(Publicado en la revista Sud de Nápoles, nº 80 de 2016)
1. Algunas
movidas
Madrid me mata. Así se
llamaba uno de los fanzines del Madrid de mitad de los ochenta. En Madrid se
había matado mucho, era la “ciudad de más de un millón de cadáveres” de la que
hablaba el triste y entomológico Dámaso Alonso, amigo de García Lorca, en uno
de los libros de poemas más importantes de la posguerra, Hijos de la ira (1944). Madrid había sido la ciudad de Franco, de
su guardia mora, de las tertulias vigiladas y de las conspiraciones. Madrid era la ciudad donde durante 24 horas,
desde las ocho de la mañana del día 22 de noviembre de 1975 hasta la misma hora
de día siguiente, medio millón de personas pasaron ante la “capilla ardiente”
del dictador instalada en el Palacio de Oriente. Ahora, a mitad de los ochenta,
Madrid mataba de otra manera: con su mezcla de noche, alcohol, drogas y música.
Vomitar en Madrid, o en provincias a la
vuelta, era una forma de energía. Muchos pueden haber sido los ideólogos de lo
que se llamó “movida madrileña” pero quien la legitimó intelectualmente fue el
alcalde de Madrid de 1979 a 1986: Enrique Tierno Galván, llamado “el viejo
profesor”, catedrático exiliado de Derecho Político en Princeton, traductor de
Ludwig Wittgenstein y Edmund Burke, muy interesado en los movimientos de masas
y la revolución francesa. Es proverbial su invitación al “rollo” durante un
festival de rock celebrado en el Palacio de los deportes de Madrid en 1984:
“¡Rockeros! –dijo- ¡Quien no esté colocado que se coloque y al loro!”.¿Cómo no
lo íbamos a querer? Aquel exiliado muy serio y calmado, con algo de joroba como
Andreotti, que se fotografiaba junto a actrices con los pechos al aire. Madrid,
amigos, era una fiesta. Luego vendrían las resacas y las cuentas pendientes.
Entretanto era un infierno muy divertido. Por la mañana ETA cometía una masacre
en el centro. Por la tarde noche se preparaban las reuniones en antros y
locales, se hacía acopio de alcohol y drogas,
con un fondo de música muy variado: Chica
de ayer de Nacha Pop, Escuela de
calor de Radio Futura, Me gusta ser
una zorra de Las Vulpes, o Quiero ser
tu perro de Parálisis permanente.
Desde
1984, ya durante el primer gobierno socialista,
hasta el 2000, comienzo de la segunda legislatura de Aznar, España, que
siempre había vivido un poco ensimismada, era un país con una autoestima alta y
enamorado de sí mismo. Esto era algo insólito: nos gustábamos. La izquierda, la
derecha y los nacionalismos (vasco y catalán, más el vasco entonces que el
catalán) escenificaban la discordia pero había un “consenso” de fondo.

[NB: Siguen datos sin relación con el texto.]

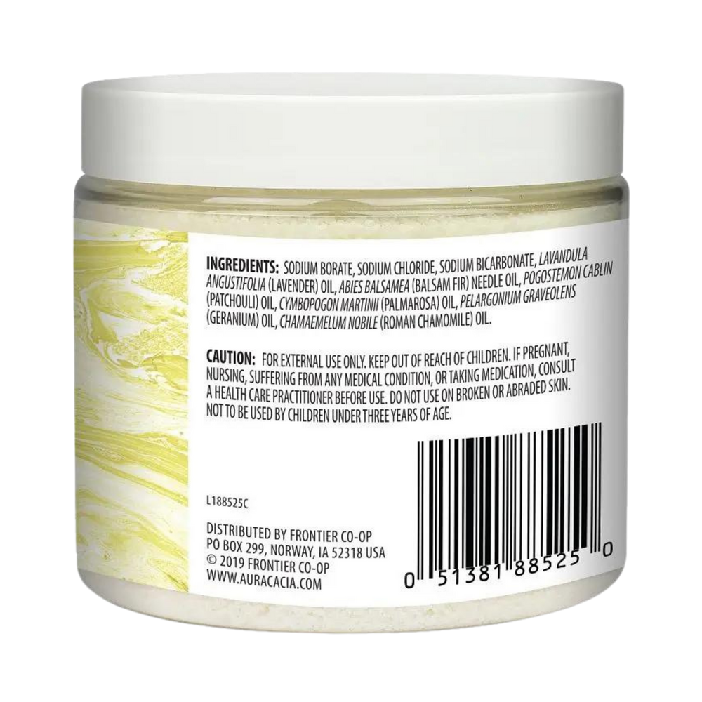 Sodium Borate, Sodium Chloride, Sodium Bicarbonate, Lavandula Angustifolia (Lavender) Oil, Abies Balsamea (Balsam Fir) Needle Oil, Pogostemon Cablin (Patchouli) Oil, Cymbopogon Martinii (Palmarosa) Oil, Pelargonium Graveolens (Geranium) Oil, Chamæmelum Nobile (Roman Chamomile) Oil.
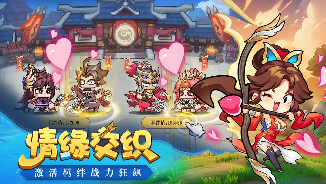本作采用轻操作高策略的自走棋框架,主打“布阵即战斗”的设计理念。玩家无需实时操控角色释放技能或走位,只需通过拖拽完成武将站位配置,系统将自动推进回合制战斗流程。胜负关键高度依赖阵容构建逻辑——包括武将间技能联动性、兵种相克关系(如枪兵克骑兵、骑兵克弓兵)、以及多层级羁绊组合的激活效果。合理规划前排坦度、中排输出与后排辅助的协同结构,是通关PVE关卡与竞技场对战的核心门槛。
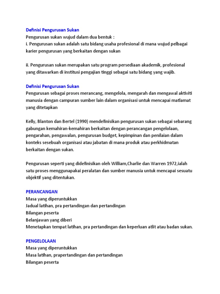 Pengurusan acara sukan isi kandungan definisi acara3 kebaikan keburukan penganjuran acara terhadap ekonomi negara. Pengurusan sukan wujud dalam dua bentuk. Definisi Pengurusan Sukan Kelly Blanton dan Bertel 1990 mendefinisikan pengurusan sukan sebagai Sebarang gabungan kemahiran kemahiran berkaitan dengan perancangan pengelolaan pengarahan pengawalan pengurusan bajet kepemimpinan dan penilaian dalam kontek sesebuah organisasi atau jabatan di mana produk atau perkhidmatan.
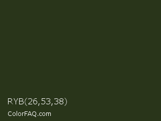 RYB 26,53,38 Color is a very dark green color and the nearest color is Green Kelp #25311c. Hex code #29351a and RGB value is rgb(41,53,26). In RGB color space, this color is composed of 16% red, 21% green, 10% blue, In CMYK color space, this color is composed of 23% cyan, 0% magenta, 51% yellow , 79% black , In HSL color space, this color has a hue angle of 87° , 34% saturation and 15% lightness.
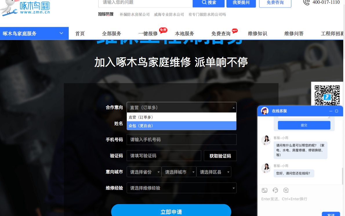 啄木鸟维修公司官网招募工程师入口。官网截图
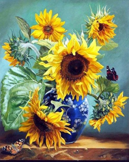 Бабочки и подсолнух
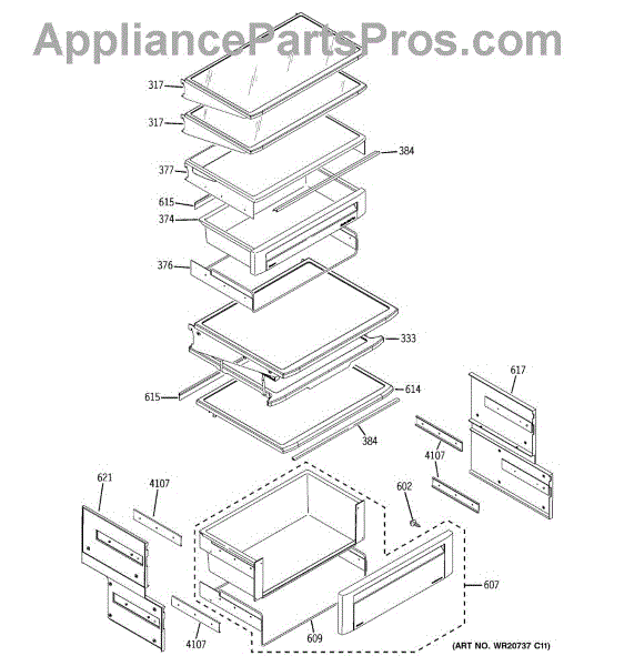 This snack pan shelf assembly replaces a damaged or missing snack pan to restore small-item storage and organization inside the refrigerator. It provides a dedicated shallow shelf for holding snack packs, yogurt, deli items and other small containers. What it does:
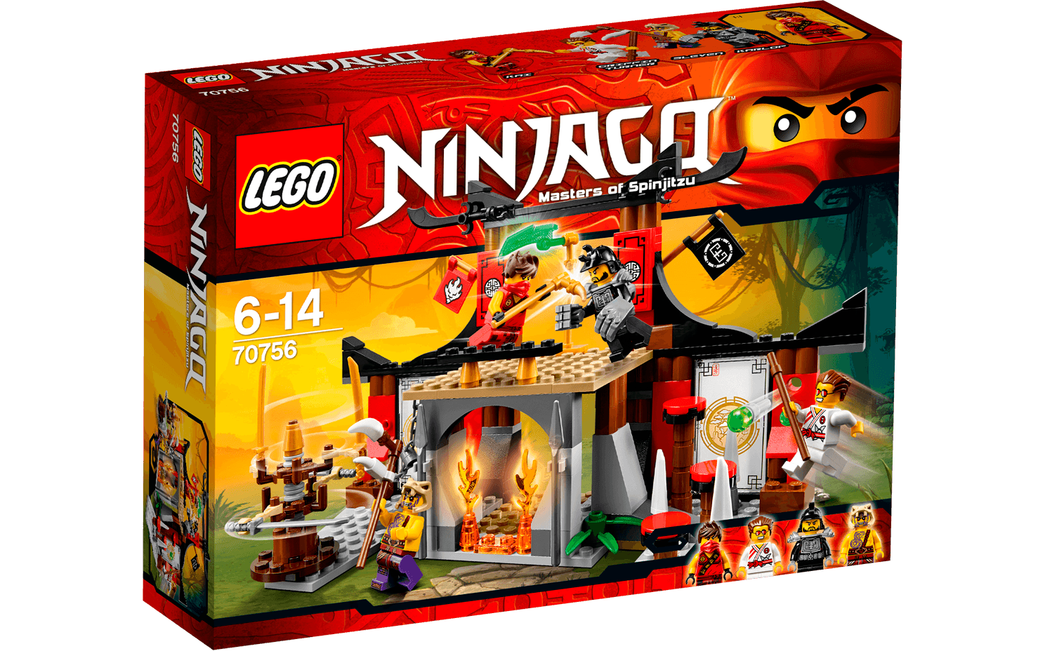 Join Kai for a thrilling Tournament of Elements showdown at the Dojo! Show speed and agility to dodge the dangerous spinning blade bot and climb the wall parkour-style. Grab the chain or take the steps to reach the top of the Dojo, but beware of the poison dart flick missiles. Battle against Griffin Turner and Karlof, evading Karlof’s huge crushing hands, and grab the Jade Blade. Just don’t fall through the trapdoor into the fire prison because there’s no way out! Includes 4 Minifigures with weapons: Kai, Sleven, Griffin Turner and Karlof.
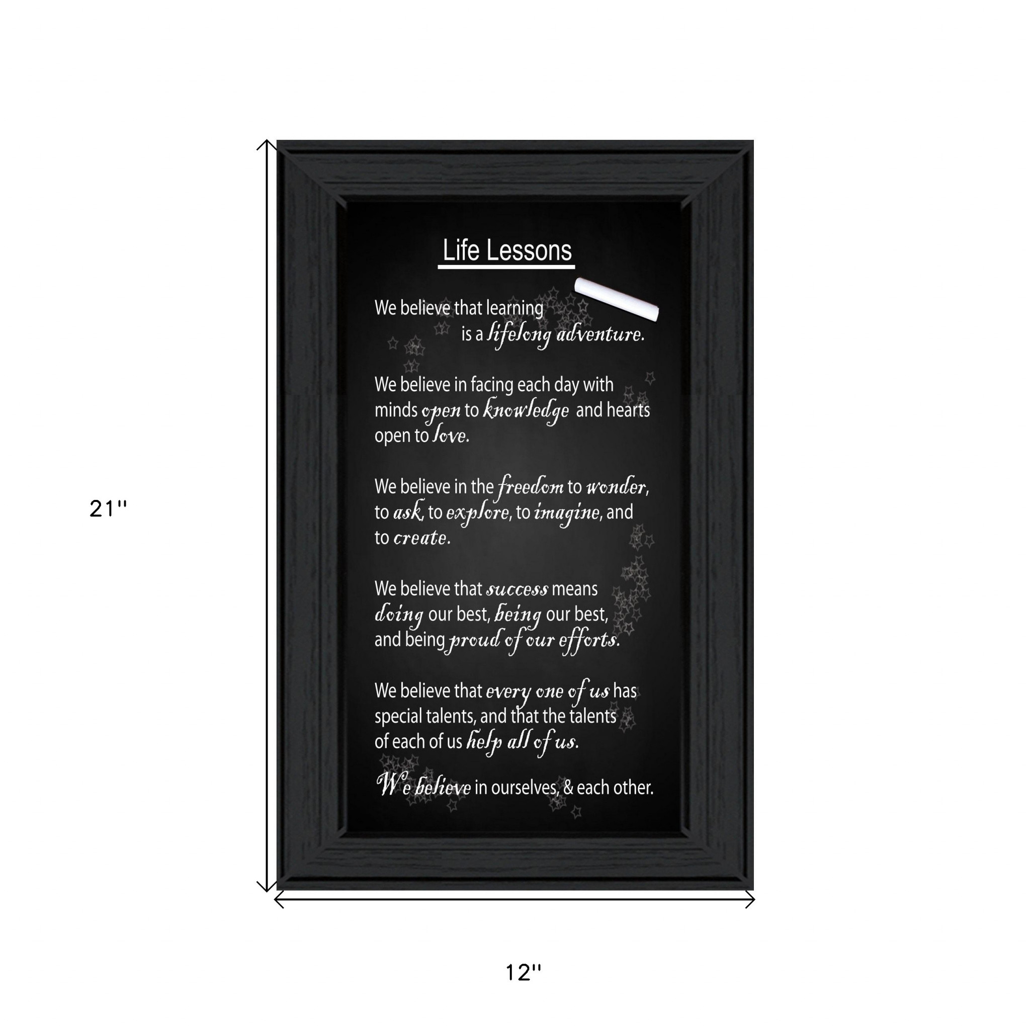 Add an air of fashion to your room and rejuvenate the space with this life lessons 2 black framed print wall art. This print is a visual artistic expression that allows you to decorate your space in style. Reproduced for you on paper, this hanging decorative accent will be a trendy and fashionable way to dress your walls. Adding this hanging wall art to your space to make your room feel more finished and attractive. Instantly liven up your space with this art that brings color and dimension to your walls. 21-inch H x 12-inch W x 1-inch D

Creo que
no había ocurrido nunca, o sí, en ese mundo que describe Américo Castro en Al-Ándalus.
La
verdad es que la cultura española de esa década es muy rica. Sobre todo su
cine. Arrebato (1979), del maldito
Iván Zulueta es una película muy ochentera a la vez que universal: la fascinación
por las imágenes, la adicción a las representaciones. Antes, un año después de
la muerte del dictador, se había estrenado El
desencanto (1976), dirigida por Jaime Chávarri , un documental que contaba
la decadencia y los trastornos de la excéntrica familia de uno de los
intelectuales del régimen: Leopoldo Panero, un gran poeta místico. Uno de sus
hijos, muy trastornado pero muy genial, Leopoldo María Panero, estaba llamado a
ser uno de los poetas centrales de la contracultura a partir de Así se fundó Carnaby Street (1970),
libro de poemas amado por mujeres, niños, andróginos y exquisitos. Luego
vendría la vulgaridad glamorosa de Almodóvar. La escena de Pepi, Luci y Bom (1980) en la que Bom se mea en la cara de Luci, la
sadomasoquista, mientras suena una marcha procesional de Semana Santa, tiene
muchas resonancias surrealistas pasadas por un pueblo de La Mancha.
Renglón
aparte merecen las dos películas de Víctor Erice El espíritu de la colmena (1973) y El Sur (1983). Quizá sea Erice lo más valioso de esos años, el
verdadero clásico español de los ochenta que nos ofreció un lenguaje para
tratar el silencio, para transformar lo tachado, lo oculto, en lenguaje de una
altísima calidad.
2. El pasado
Pues os contaré cómo
ocurrió. Una tarde entre semana, tendría yo unos trece o catorce años,
curioseaba en la biblioteca de casa. Era algo que hacía con frecuencia y que
respondía a un interminable proyecto de ordenar los libros paternos según mis
intereses de cada momento. Me pasaba horas para recolocar tres o cuatro libros.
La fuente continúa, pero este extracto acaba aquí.